Two eagles in five holes hurtled him into contention. On the 16th (his seventh) Donald's sweetly struck five-iron ended up within kick-in range, while on the third (his 12th) he holed a 25-footer. At that stage, Donald was five under and racing. The effects of a sinus infection which blighted his first-round 72 had eased and his putter was beginning to burn. But Sawgrass takes away, just as it gives, and three bogeys coming in restricted him to a 69.

On the same mark stands his playing partner Lee Westwood, after a 70. The world No?3 needs to win to leapfrog McIlroy and Donald and if his erratic short-game consents he will figure and figure highly.

Westwood posted 12 birdies in his first two rounds and despite referring to himself as "a pint's half-full sort of guy", he will be aware how many shots have been squandered.

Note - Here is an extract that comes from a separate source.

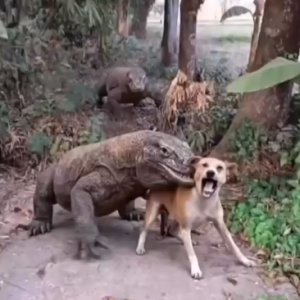 In a terrifying scene straight out of the wild, a massive monitor lizard lunges at a helpless dog on a quiet path surrounded by trees. The reptile…

Between them the English pair notched 20 birdies and two eagles and were only a collective six-under. Crazy.

Still, all Westwood requires is a repeat of last weekend's heroics - which saw him play the final two rounds in 10 under and so leap from 65th to fifth - and England will have its first Players champion.

Britain boasts other contenders. London's Brian Davis is on six under, as is Scotland's Martin Laird. A birdie on the 15th took him to 10 under and into a three-shot lead. But the Arizona-based Glaswegian located the water on the 16th for a bogey and then the water on the island-green 17th for a double bogey. Sawgrass can be cruel. To McIlroy it is merciless.